On 05/17/2012 05:55 AM, Sarah Sharp wrote:
> There are various functions within the USB core that will need to
> disable USB 3.0 link power states. For example, when a USB device
> driver is being bound to an interface, we need to disable USB 3.0 LPM
> until we know if the driver will allow hub-initiated LPM transitions.
> Another example is when the USB core is switching alternate interface
> settings. The USB 3.0 timeout values are dependent on what endpoints
> are enabled, so we want to ensure that LPM is disabled until the new alt
> setting is fully installed.
>
> Multiple functions need to disable LPM, and those functions can even be
> nested. For example, usb_bind_interface() could disable LPM, and then
> call into the driver probe function, which may attempt to switch to a
> different alt setting. Therefore, we need to keep a count of the number
> of functions that require LPM to be disabled at any point in time.
>
> Introduce two new USB core API calls, usb_disable_lpm() and
> usb_enable_lpm(). These functions increment and decrement a new
> variable in the usb_device, lpm_disable_count. These two function calls
> should always be paired. Even if usb_disable_lpm() fails,
> usb_enable_lpm() must be called to balance the lpm_disable_count. The
> bandwidth_mutex must be held when these new functions are called.
>
> Introduce a new variable (timeout) in the usb3_lpm_params structure to
> keep track of the currently enabled U1/U2 timeout values. When
> usb_disable_lpm() is called, and the USB device has the U1 or U2
> timeouts set to a non-zero value (meaning either device-initiated or
> hub-initiated LPM is enabled), attempt to disable LPM, regardless of the
> state of the lpm_disable_count. We want to ensure that all callers can
> be guaranteed that LPM is disabled if usb_disable_lpm() returns zero.
>
> Otherwise the following scenario could occur:
>
> 1. Driver A is being bound to interface 1. usb_probe_interface()

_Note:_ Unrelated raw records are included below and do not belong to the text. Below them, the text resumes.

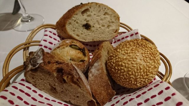 「サン・ル・スー」さんのパンは、バスケットに6~7種類取り揃えたものを持ってきて下さって、各テーブルでおのおの好きなパンを好きなだけサーブしてもらうスタイル。冷めないように、きちんとナプキンでくるまれたパンは、バゲット、くるみやハーブ入り、カレンツ入りなどバラエティ豊か。お代わりも出来ますが、美味しくてつい食べ過ぎてしまうのが玉に瑕。
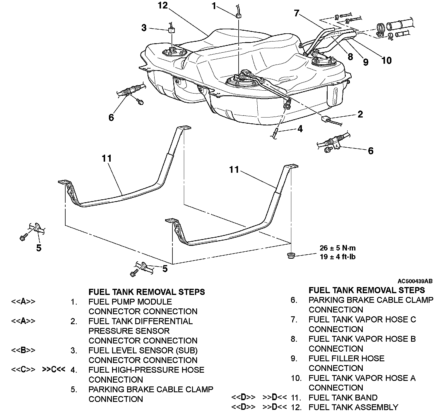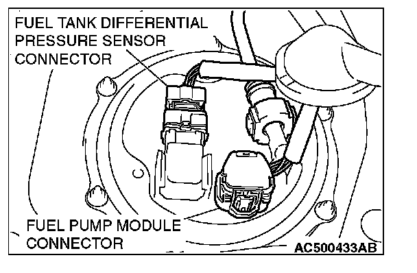 <> FUEL PUMP MODULE CONNECTOR/FUEL TANK DIFFERENTIAL PRESSURE SENSOR CONNECTOR DISCONNECTION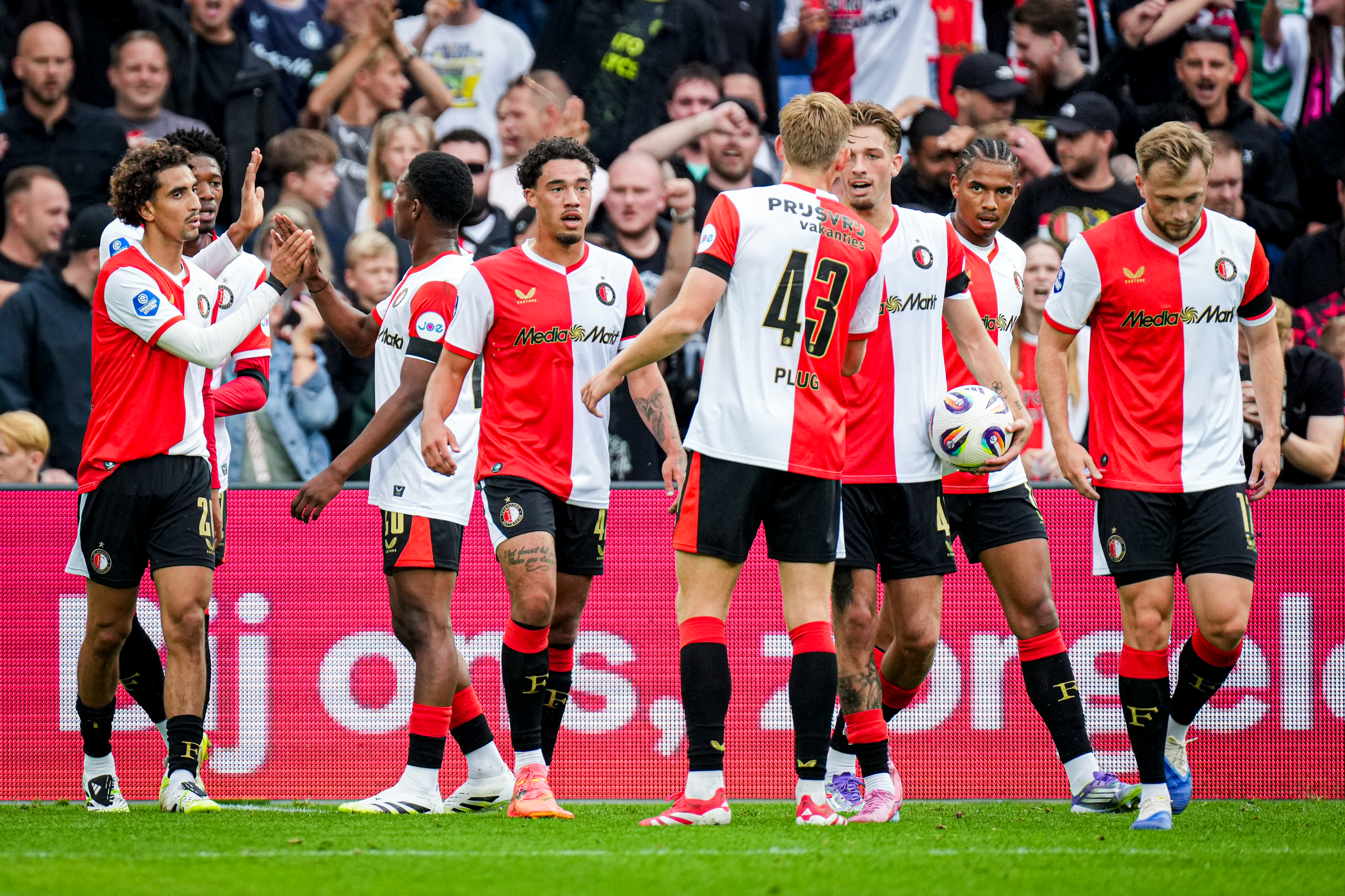 Feyenoord heeft de voorbereiding afgesloten met een ruime overwinning tegen VFL Wolfsburg in De Kuip. De Rotterdammers wonnen 4-0 in een niet-uitgespeelde wedstrijd. Het duel werd in de 77e minuut stilgelegd door een medische noodsituatie op de tribune. - https://www.rijnmond.nl/nieuws/2050877/feyenoord-sluit-voorbereiding-af-met-overwinning-in-niet-uitgespeelde-wedstrijd-tegen-wolfsburg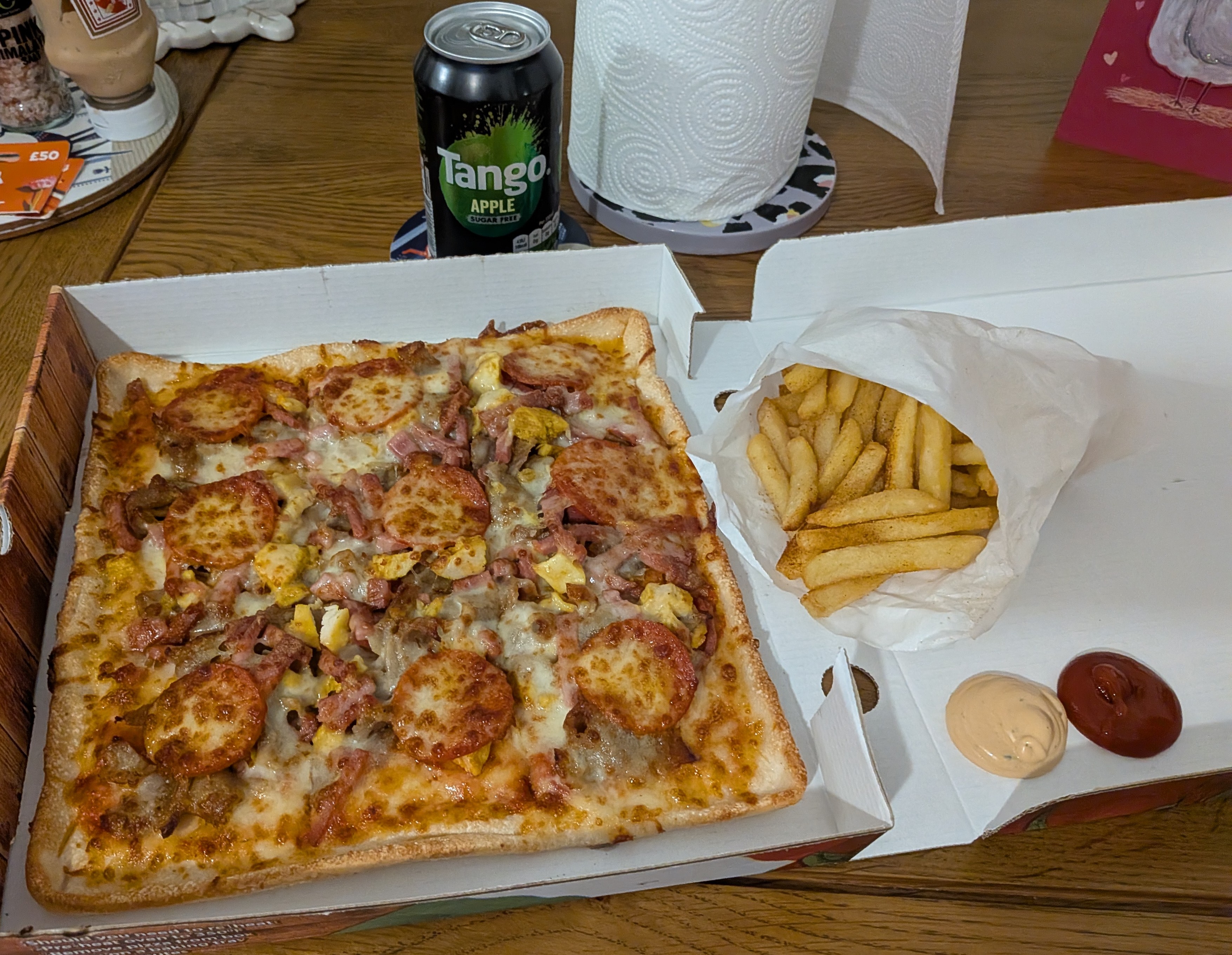 Me Din DinsFinest Bossman Meat Feast PizzaChip spice chipsTango AppleBosh

> disables LPM. Driver A doesn't care if hub-initiated LPM is enabled, so
> even though usb_disable_lpm() fails, the probe of the driver continues,
> and the bandwidth mutex is dropped.
>
> 2. Meanwhile, Driver B is being bound to interface 2.
> usb_probe_interface() grabs the bandwidth mutex and calls
> usb_disable_lpm(). That call should attempt to disable LPM, even
> though the lpm_disable_count is set to 1 by Driver A.
>
> For usb_enable_lpm(), we attempt to enable LPM only when the
> lpm_disable_count is zero. If some step in enabling LPM fails, it will
> only have a minimal impact on power consumption, and all USB device
> drivers should still work properly. Therefore don't bother to return
> any error codes.
>
> Don't enable device-initiated LPM if the device is unconfigured. The
> USB device will only accept the U1/U2_ENABLE control transfers in the
> configured state. Do enable hub-initiated LPM in that case, since
> devices are allowed to accept the LGO_Ux link commands in any state.
>
> Don't enable or disable LPM if the device is marked as not being LPM
> capable. This can happen if:
> - the USB device doesn't have a SS BOS descriptor,
> - the device's parent hub has a zeroed bHeaderDecodeLatency value, or
> - the xHCI host doesn't support LPM.
>
> Signed-off-by: Sarah Sharp <sarah.a.sharp@xxxxxxxxxxxxxxx>
> ---
> drivers/usb/core/hub.c | 365 ++++++++++++++++++++++++++++++++++++++++++++++
> include/linux/usb.h | 9 +
> include/linux/usb/ch11.h | 2 +
> include/linux/usb/ch9.h | 45 ++++++
> include/linux/usb/hcd.h | 9 +
> 5 files changed, 430 insertions(+), 0 deletions(-)
>
> diff --git a/drivers/usb/core/hub.c b/drivers/usb/core/hub.c
> index 5219507..b170505 100644
> --- a/drivers/usb/core/hub.c
> +++ b/drivers/usb/core/hub.c
> @@ -3050,11 +3050,376 @@ void usb_root_hub_lost_power(struct usb_device *rhdev)
> }
> EXPORT_SYMBOL_GPL(usb_root_hub_lost_power);
>
> +static const char * const usb3_lpm_names[] = {
> + "U0",
> + "U1",
> + "U2",
> + "U3",
> +};
> +
> +/*
> + * Send a Set SEL control transfer to the device, prior to enabling
> + * device-initiated U1 or U2. This lets the device know the exit latencies from
> + * the time the device initiates a U1 or U2 exit, to the time it will receive a
> + * packet from the host.
> + *
> + * This function will fail if the SEL or PEL values for udev are greater than
> + * the maximum allowed values for the link state to be enabled.
> + */
> +static int usb_req_set_sel(struct usb_device *udev, enum usb3_link_state state)
> +{
> + struct usb_set_sel_req *sel_values;
> + unsigned long long u1_sel;
> + unsigned long long u1_pel;
> + unsigned long long u2_sel;
> + unsigned long long u2_pel;
> +
> + /* Convert SEL and PEL stored in ns to us */
> + u1_sel = DIV_ROUND_UP(udev->u1_params.sel, 1000);
> + u1_pel = DIV_ROUND_UP(udev->u1_params.pel, 1000);
> + u2_sel = DIV_ROUND_UP(udev->u2_params.sel, 1000);
> + u2_pel = DIV_ROUND_UP(udev->u2_params.pel, 1000);
> +
> + /*
> + * Make sure that the calculated SEL and PEL values for the link
> + * state we're enabling aren't bigger than the max SEL/PEL
> + * value that will fit in the SET SEL control transfer.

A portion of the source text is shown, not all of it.